First, Ethan Hawke receives his fifth Oscar nomination, but his first in the Best Actor category, for playing the lyricist Lorenz Hart in the Richard Linklater film. (He was previously nominated for Best Supporting Actor for Training Day and Boyhood, and for Best Adapted Screenplay alongside Linklater and Julie Delpy for Before Sunset and Before Midnight.)
In the film, Hart, of the Broadway songwriting team Rodgers and Hart, spends a night of conversation and longing at Sardi’s in 1943 for the opening of the musical Oklahoma! from Richard Rodgers and his new songwriting partner, Oscar Hammerstein II. The movie, of course, takes its name from one of Rodgers and Hart’s most popular songs, released in 1934.
Hawke, 55, stars opposite Andrew Scott (as Rodgers), Margaret Qualley, Patrick Kennedy (as the author E.B. White) and Union City’s Bobby Cannavale in the film.

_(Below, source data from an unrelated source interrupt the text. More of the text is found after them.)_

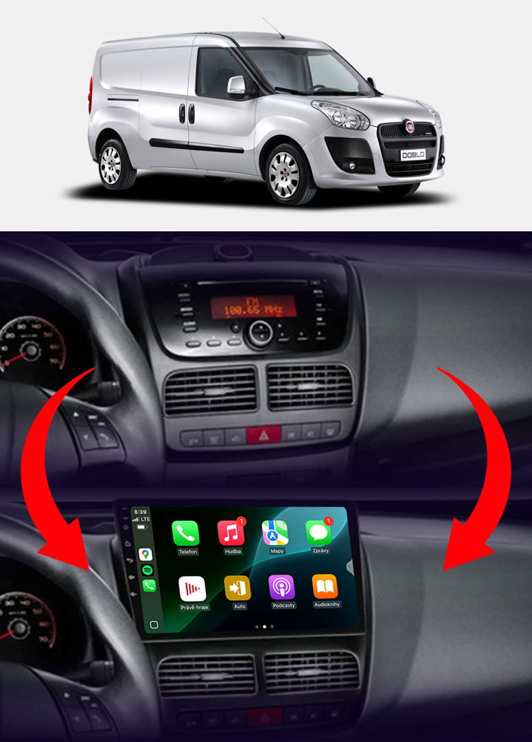 Rádio určené a plně přizpůsobené pro provoz ve vozidle Fiat Doblo II 2009-2015
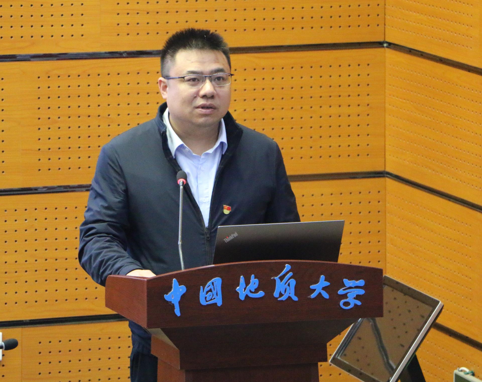 储祖旺总结讲话。他向一队和长期扎根生产一线的地质工作者表示敬意。他表示,资源学院举办地质找矿先进事迹报告会、组建资源能源宣讲团,是面向社会、面向学校讲好地大故事的重要举措,要认真集中备课、广泛宣讲宣传,争做学校“美丽中国讲师团”中的生力军。他希望,资源学院和湖北省地质局第一地质大队持续深化合作,依托党建联建共创,积极打造校企合作、产教合作新范式,共同为新一轮找矿战略突破行动、为服务国家能源资源事业做出新贡献。
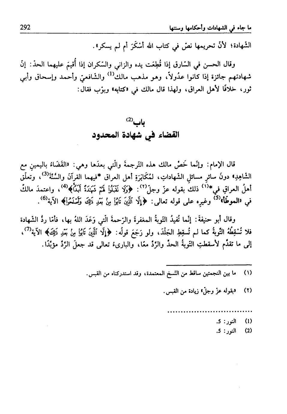 قال الإمام: وإنّما خَصَّ مالك هذه التّرجمةَ والتي بعدَها وهي: "القَضَاءُ باليمينِ مع الشّاهِد" دونَ سائرِ مسائلِ الشّهاداتِ، لمُكَابرةِ أهل العراق* فيهما القرآنَ والسُّنَّةَ (¬3)، وتعلّق أهلُ العراقِ في* ذلك بقوله عَزَّ وَجَلَّ: {وَلَا تَقْبَلُوا لَهُمْ شَهَادَةً أَبَدًا} (¬4)، واعتمدَ مالك في "الموطَّأ" (¬5) وغيرِه على قوله تعالى: {إِلَّا الَّذِينَ تَابُوا مِنْ بَعْدِ ذَلِكَ وَأَصْلَحُوا} الآية (¬6).
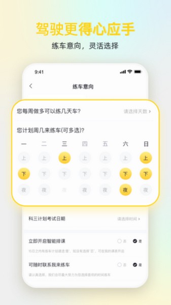 2、返回首页,有练车计划的学员点开“智能排课开关”。打开后选择周一至周日的练车时间(时间段可多选)。学员可点击预学习观看科目相关教学视频;
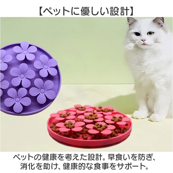 ・ペットの健康を考えた設計。早食いを防ぎ、消化を助け、健康的な食事をサポート。
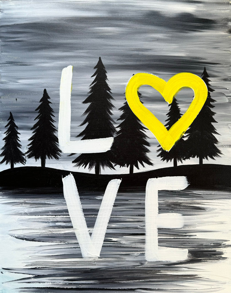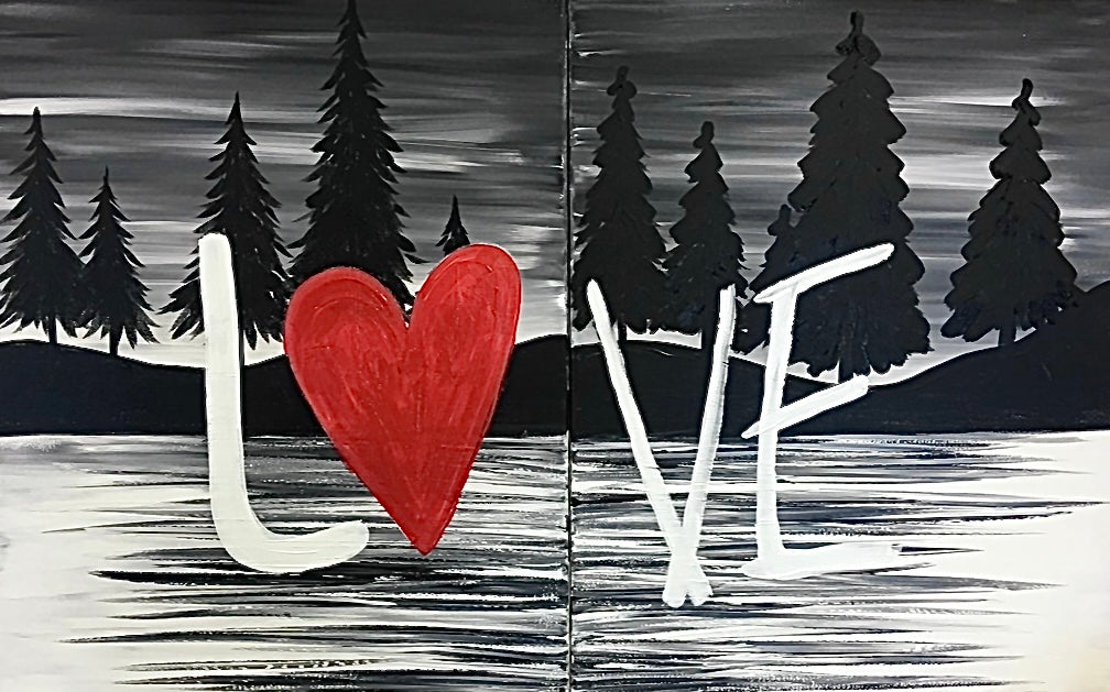 Join me on February 13 from 6PM-8PM to celebrate Gal/Pal/Valentine's Day by creating your own masterpiece with step-by-step instruction! All materials to paint a 16x20 canvas will be provided and no experience is necessary. *This image is designed to be painted as a set on two canvases (first photo) OR individually on one canvas (see secondary photos). Plus, you can choose your own word and symbol! If you plan to paint with a partner, please be sure to register for two seats.
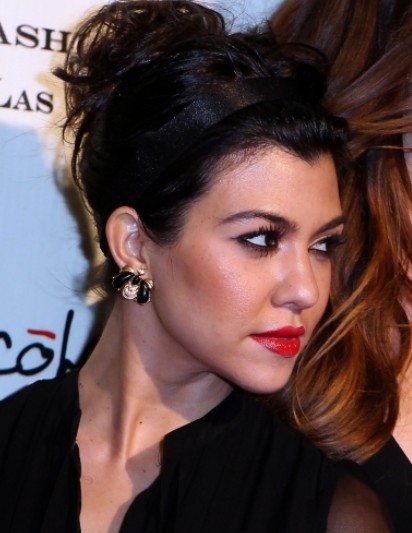 The Kourtney Kardashian updo hairstyle tips: Just style your hair curly. To create this, wet your hair and apply a sea salt spray or curling hair serum, next scrunch your hair and allow it dry naturally. You will get charming body curls. Next scoop all the hair back and tie it in a bun close to the crown. Then accompany an attracting headband to compliment the style.
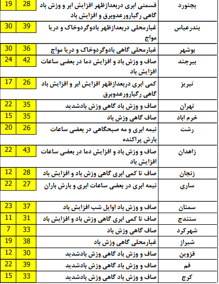 شایان ذکر است که امروزنیز با شدت کمتری دراستان های خوزستان و بوشهر گاهی وزش باد شدید پیش بینی می شود که در برخی مناطق این استان ها سبب ایجاد گرد و خاك، کاهش کیفیت هوا و دید افقی خواهد شد.
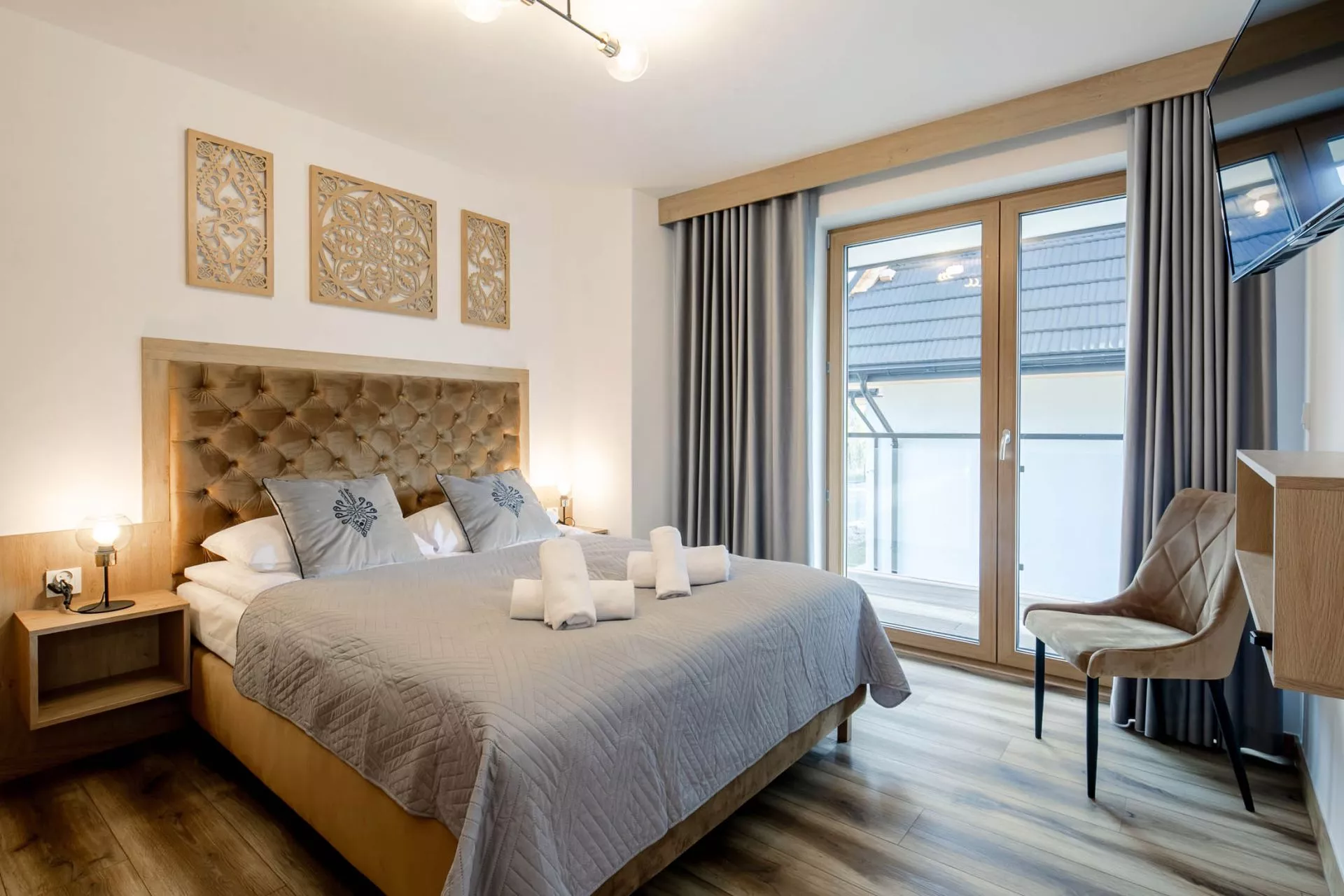 Sypialnia 1 - 2 łóżka pojedyncze, przy łóżku znajdują się gniazda elektrycznej, komoda, balkon z widokiem na Tatry

Hawke, a native of Austin, Texas, also has his own New Jersey connection, having lived in West Windsor when he was a child. He attended West Windsor Plainsboro High School and graduated from the Hun School of Princeton.
Another Jersey nomination goes to Metuchen’s Robert Kaplow, who wrote the film. Kaplow, who receives his first nomination for Best Original Screenplay, grew up in Westfield and taught English at Summit High School. His 2003 novel Me and Orson Welles was adapted for the 2008 Linklater film of the same name starring Zac Efron, Claire Danes and Christian McKay.